Use dedicated circuits for lighting (15A); receptacles (20A); DC (20A). That's about it; the idea is you don't run more than one tool at a time, so 20A is fine. The DC can be running along with a tool, so a separate circuit is needed. Use a minimum of #10 wire. It would be good to have 220V if any of your tools can run on that voltage.


----------



## Bobmedic (Sep 24, 2010)

DocSavage, I did not install ground faults. I am aware that this is code and if I ever sell my house it will be a 10 minute job to add them at the beginning of the circuits. Aside from that everything is up to code.The electrician that wired my house (before I bought it) connected the plugs from 2 of the bedrooms to the single plug in the guest bathroom that was a GFCI. The GFCI went bad and knocked out power to the 2 bedrooms. The GFCI plug in that bathroom never gets used so it took a while to track down the problem. That is why I chose to omit them, that and I don't see a need for them for this application. I have no idea why he connected the bedrooms to that circuit except maybe to save money. I was an electrician apprentice for 2 years and wired many houses and we never did that. The electrician that I worked for wired each room separately and the lighting was also on it's own circuit. It costs a little more to do it this way but there are many benefits to this way of wiring. Bending the conduit is something that I am very familiar with. As an apprentice I bent miles of it. Stub take ups and offsets are permanently ingrained in my mind LOL. Great suggestions though. I appreciate the reminders. These are the little things that I am looking for just in case I missed something.


----------



## Bobmedic (Sep 24, 2010)

MrRon, I kept the lighting on the original circuit ran from the house. Nothing else will be on that circuit. None of the tools I have pull more than 15 amps so the # 12 wire that I ran on 20 amp circuits is more than enough to carry that load. # 10 wire is for circuits greater than 20 amps. It's true that you can run 20 amp circuits on # 10 wire but I think that might be overkill and also #10 wire is difficult to work with attaching it to receptacles. I forgot to mention in my original post that the dust collector is on it's own dedicated circuit. This is all great information thank you for your reply.


----------



## Charlie5791 (Feb 21, 2012)

ground faults not code here. Not in a detached utility building regardless of use (as long as it's not a guest house or something you'll live in). Any receptacle on the OUTSIDE of that building still needs to be GFCI protected.

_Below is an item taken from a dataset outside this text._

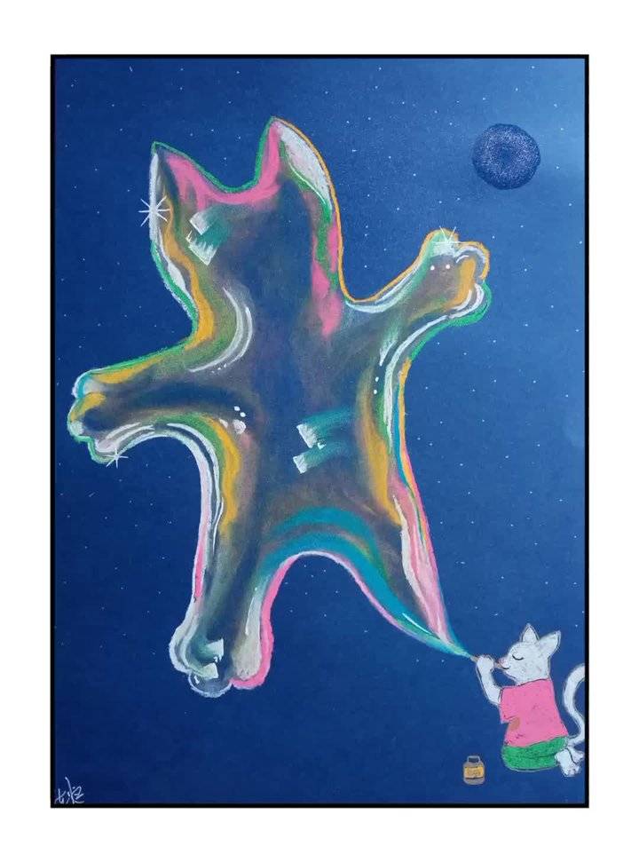 综合材料 / 卡纸 色粉 墨水 铅笔 固色液 进口丙烯颜料 金粉或银粉 艺术家原创IP / 42×30cm / 2022
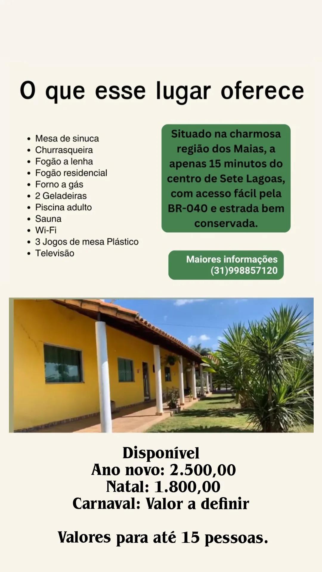 Sitio com piscina em sete lagoas - Minas Gerais. Em frente ao Clube Pousada do Sol em uma região muito tranquila e segura. Oferecemos nossa chacara para alugar com um terreno de 3.000 metros quadrados, duas piscinas, campo de futbol e volei. Area de churrasco. 5 quartos e 4 banheiros. 2 quartos com cama de casal, 1 quarto com 3 camas de solteiro e 2 quartos com duas camas de solteiro, e 5 colchoes. Otima INTERNET em toda a area. ATENÇÃO: PACOTES DE ANO NOVO OU CARNAVAL, MINIMO 5 DIAS!

#12 wire and 20amp breakers is fine for your 110v cicuits. Just remember to use 20amp rated receptacles (not 15amp). You can probably use 15amp receptacles without burning anything down, but if it's a 20amp circuit, make it a 20amp circuit from one end to the other, right?

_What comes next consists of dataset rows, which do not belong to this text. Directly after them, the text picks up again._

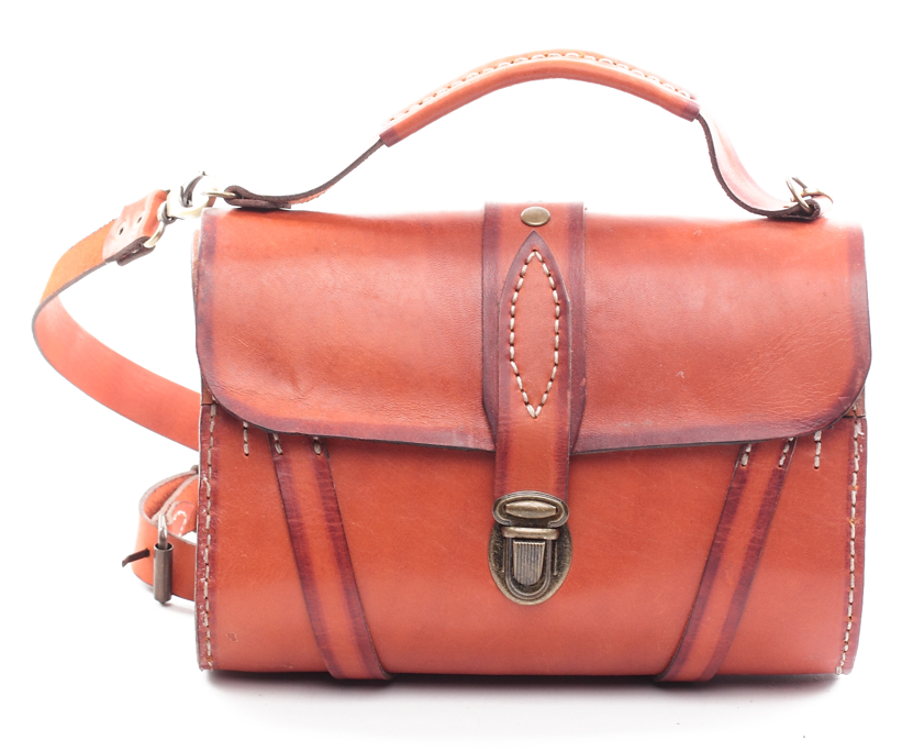 Фурнитура цвет латунь. Наплечный ремень регулируемый, съёмный. Отшивка строчек выполнена ручным стежком.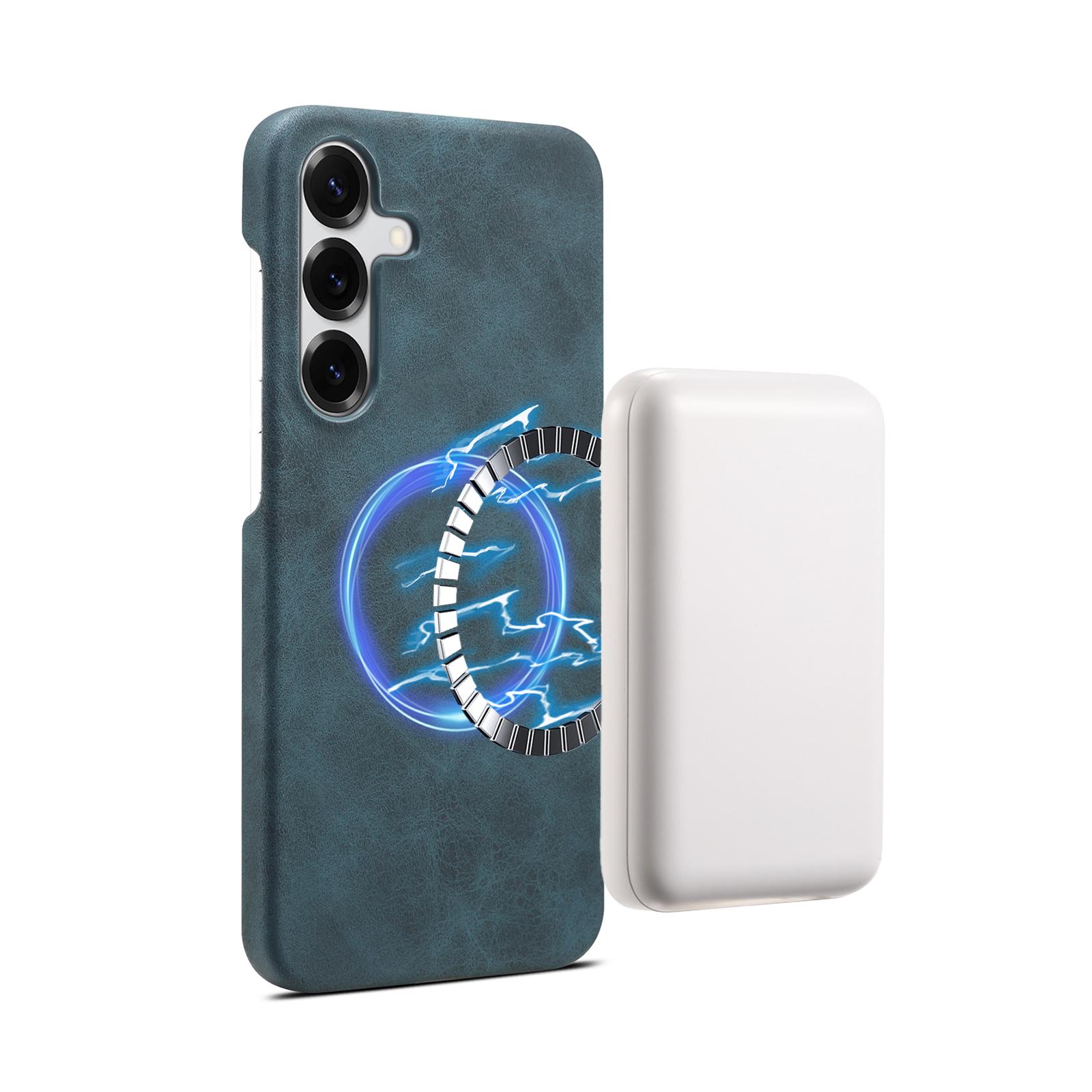 Denior Retro Faux Leather Texture Case for Samsung Galaxy S25 | Built-in N52 Magnet & MagSafe Wireless Charging Compatible | PU Faux Leather | Fingerprint-Resistant PC Hard Case - Blue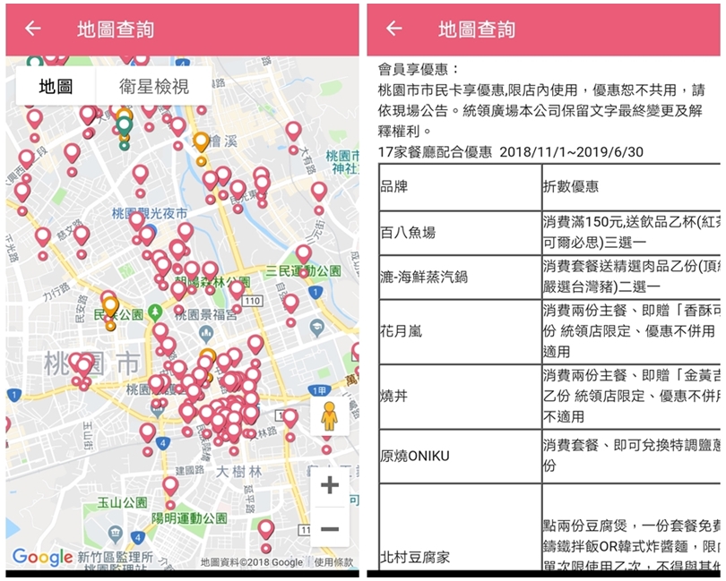 ▼除了有列表查詢之外也可以使用地圖查詢,就可以查到距離自己最近的餐廳優惠訊息啦!

The hopscotch layout has served me well in the winter here. My shop isn't permanently heated. With the DC on its own circuit I have 3 others for tools. I run a propane heater to bring the temp up fast and then switch over to electric to maintain temp. The electric is quieter and I can't "turn down" the propane heater enough to just let it run. Even on low it would cook me out of there eventually.

SO… I can run the DC, table saw, and an electric heater pretty easily. In summer I can run a couple of fans (not air conditioned either).

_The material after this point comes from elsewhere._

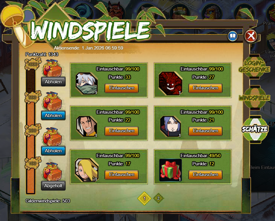 Jedes Mal, wenn du ein Windspiel an den Busch hängst, erhältst du einen Punkt. Wenn du in einer Gilde bist, wird die gesamte Anzahl Windspiele aller Gildenmitglieder angezeigt. Wenn die Anzahl einen bestimmten Wert erreicht, kannst du zusätzliche Belohnungen abholen. Die Punkte können gegen Belohnungen eingetauscht werden. Beim Benutzen eines goldenen Windspiels kannst du zudem noch deine Glückwünsche mitschicken.

Codes can vary. Check them. They really are there to keep you safe.


----------



## shawnmasterson (Jan 24, 2013)

a 220 motor draws amperage from each leg. when I put an amperage meter on each leg of my DC it draws 16 amps on each leg. it just draws it from 2 legs instead of 1.


----------



## toolie (Mar 16, 2011)

shawn masterson…....but my 3 hp motor's 16A 220v draw is not cumulative across both legs. that motor isn't pulling 32A from the service, it's pulling 16A.


----------



## HorizontalMike (Jun 3, 2010)

I am sorry Bob. I was confused, which I often am. I always get confused between advice and affirmation,.... My fault, I should have noticed and realized… My apologies. You seem to have more than an adequate background to deal with this situation on your own. Best of luck!


----------



## SydSellers (Feb 17, 2013)

Hi Bobmedic, my only concern is did you do your wiring under a permit??? In some part, if you have a fire and they find wire that isn't covered under a permit, your fire insurance is VOID…. We don't want this do we….


----------



## Bobmedic (Sep 24, 2010)

Horizontalmike, I'm not sure why you are sorry. Your advice was appreciated. I actually swapped out a few boxes for double gang boxes because of what you said. I'm sorry I didn't acknowledge you sooner. Your idea of adding more plugs was a very good one. I added double gang boxes on both ends of my workbench so I would have adequate plugs for anything I want to do. Thank you very much Mike and all of those who have contributed.


----------